Norway’s deeply troubled shipping and cruise line Hurtigruten reportedly expects to receive more than NOK 300 million in state aid, to compensate it for cancelled cruises during the Corona pandemic. The line’s management, meanwhile, has gone along with state demands that it no longer use one of its ships as a floating hotel on which crew members were said to be earning “slave” wages.
The suddenly controversial Hurtigruten, long considered part of the national heritage, has been suffering lately both economically and in terms of its reputation. Its failure to recognize Corona virus infection on board some of its ships, and even allegedly try to cover it up, has soured relations with both the public, the media and state authorities in Norway.
Then, in an effort to generate revenues during the Corona shutdowns, it chartered some of its ships to the US-based producers of the next Mission: Impossible movie, for use as floating hotels during on-location filming in Norway. Among them was the internationally registered ship MS Fridtjof Nansen, which had Covid-19 infection on board last March that it initially failed to acknowledge.
The Fridtjof Nansen, normally used for cruising outside Norway, is crewed mostly by men and women from the Philippines. Norwegian Broadcasting (NRK) obtained a copy of one of their work contracts, and reported that the Filipino seafarers only earn NOK 10,000 (USD 1,111 at current exchange rates) a month for eight-months in a row on board, plus room and board. That amounts to as little as NOK 35 an hour when they’ve worked several shifts throughout their days as waiters, cleaners, in the laundry or in the galleys.
“This is what I call a slave contract,” Thomas Benson, an attorney specialing in labour law who also lectures at Nord University, told NRK on a nightly national newscast during the weekend. He accused Hurtigruten of the “cynical exploitation of employees from low-cost countries.” Norwegian labour organizations had already protested, both because the Nansen’s Filipino crews receive only a fraction of the pay that Norwegian crews receive, and because Hurtigruten was allegedly undercutting what local hotels could offer to accommodate the film crews.

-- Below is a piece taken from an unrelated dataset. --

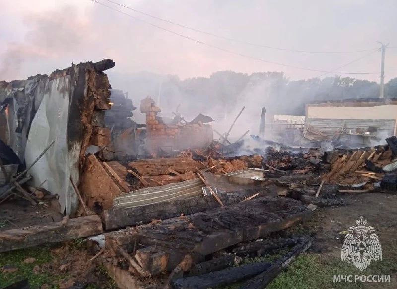 На животноводческой ферме в селе Песчаное произошел огромный пожар — загорелось строение на 120 «квадратов». Во время тушения спасатели обнаружили пять тел. Личности погибших пока устанавливают.
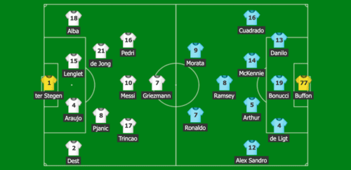 Du kan se FC Barcelona og Juventus’ startopstilling herunder:

Hurtigruten objected mightily to the “slave” characterization, with a spokesman calling it “a distortion of reality.” Trade Minister Iselin Nybø ended up, however, asking Hurtigruten last week to change what both she, local police and the labour unions believed to be illegal practice. Hurtigruten insisted that the arrangement was not illegal, and received some support from the state maritime authority.
Just before the weekend, however, Hurtigruten announced that it would swap the Fridtjof Nansen with one of its laid-up Norwegian-registered coastal passenger ships, MS Finnmarken. It will now join Hurtigruten’s MS Vesterålen at the pier in Åndalsnes, near where the rest of the filming will be taking place through the end of this month.

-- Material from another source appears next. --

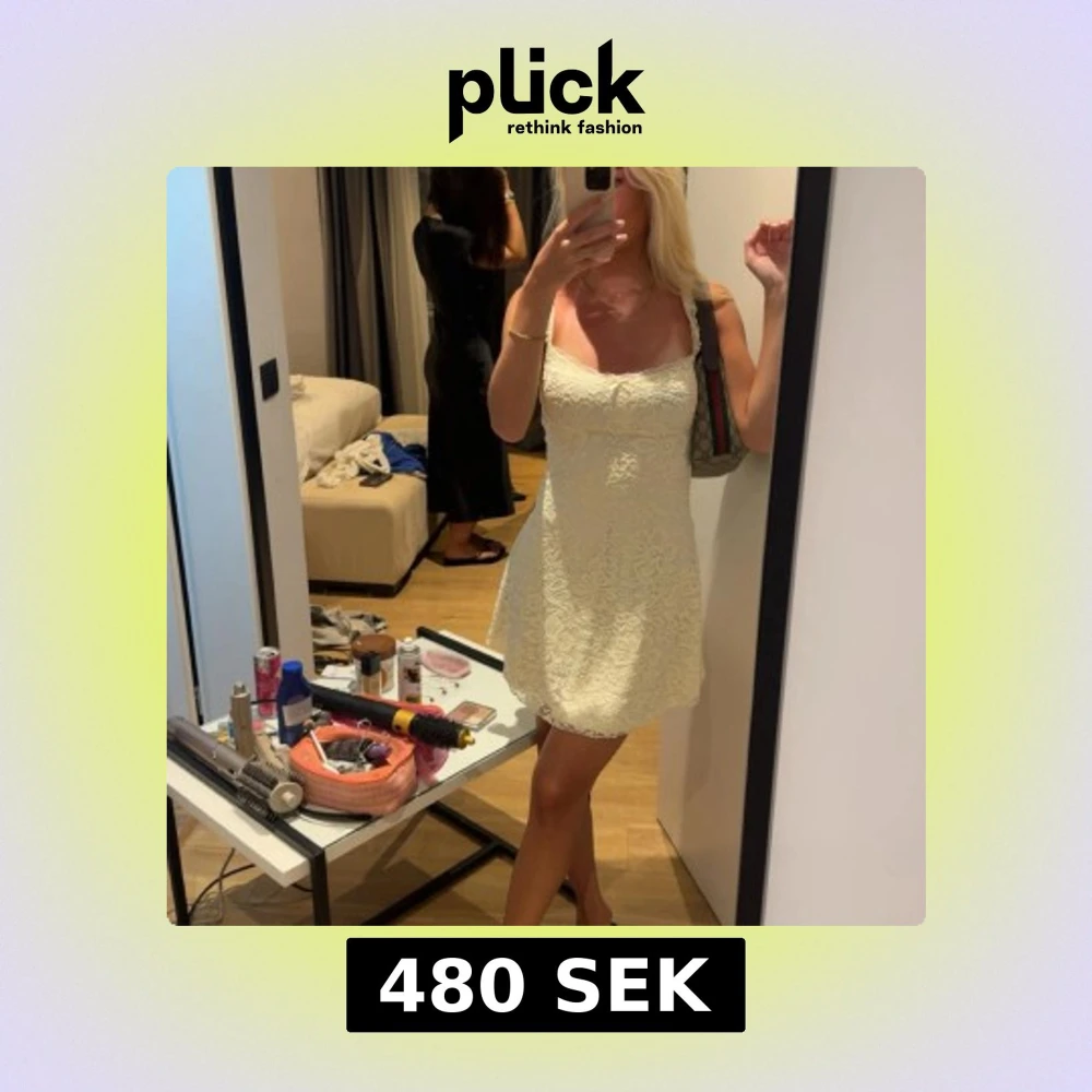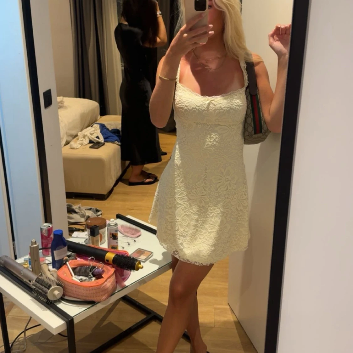 Supersöt gul/vit kort klänning med spetsdetaljer och smala axelband. Storlek S. Använd en gång. Från princess polly

Anne Marit Bjørnflaten of Hurtigruten said the film production company had agreed to the swap, with Finnmarken beginning its new hotel role this week under Norwegian flag and with Norwegian crews. She still insisted that Hurtigruten had operated within the law when using the Nansen as an accommodation ship in Norway, calling the film company’s charter “an extraordinary one-time” deal. She claimed maritime authorities had also “confirmed” that the Nansen was operating within the law for internationally registered vessels.

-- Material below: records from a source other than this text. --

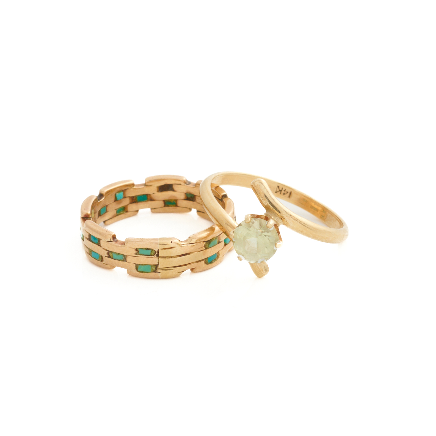 A PAIR OF RINGS IN 14CT GOLD, ONE TURQUOISE BAND, SIZE K 1/2, TOGETHER WITH A PASTE RING, SIZE M, TOTALLING 6.1GMS
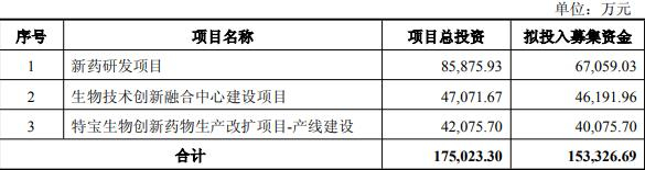 本次发行可转债募集资金总额(含发行费用)不超过人民币153,326.69万元(含本数),扣除发行费用后的募集资金净额将用于新药研发项目、生物技术创新融合中心建设项目、特宝生物创新药物生产改扩项目-产线建设。
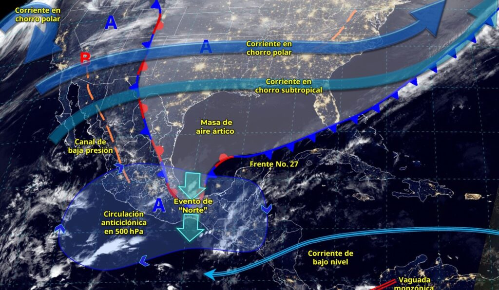 El frente No. 27 extendido con características de estacionario sobre centro y sur del golfo de México, interaccionará con un canal de baja presión en el sureste del país y ocasionará lluvias puntuales fuertes en el oriente, sur y sureste del territorio nacional, incluida la península de Yucatán; así mismo, la masa de aire ártico asociada al frente empezará a modificar sus características térmicas en el transcurso del día; sin embargo, mantendrá el evento de “Norte” con rachas de viento de 70 a 90 km/h en Veracruz (sur) e istmo y golfo de Tehuantepec, durante la mañana.

“But after Minister Iselin Nybø was clear that she would then change the NIS rules, we started work on looking for alternative solutions,” Bjørnflaten told NRK. She said the “international crews” on the Nansen would not be adversely affected by the change.
Avoided biting a hand that feeds it
Hurtigruten has already been in trouble with Health Minister Bent Høie, after the Corona virus “scandal” on its other internationally crews ship MS Roald Amundsen. It clearly didn’t want more trouble with Minister Nybø, not least since it stands to receive NOK 330 million in state crisis compensation this year.
Financial news service E24 has reported that Hurtigruten had applied for and been granted NOK 180 million to help cover costs during the six-month period from March through August. It also is receiving state loan guarantees for NOK 150 million.
The company further stands to receive the full contract amount of NOK 850 million tied to its obligation to run ships up and down the Norwegian coast, serving remote ports along the way that are entitled to state transport support. E24 thus reported that Hurtigruten has retained liquidity, thanks to Norwegian state aid, during the Corona crisis. It also has tried to get passengers on cancelled cruises to accept vouchers for future cruises instead of cash refunds.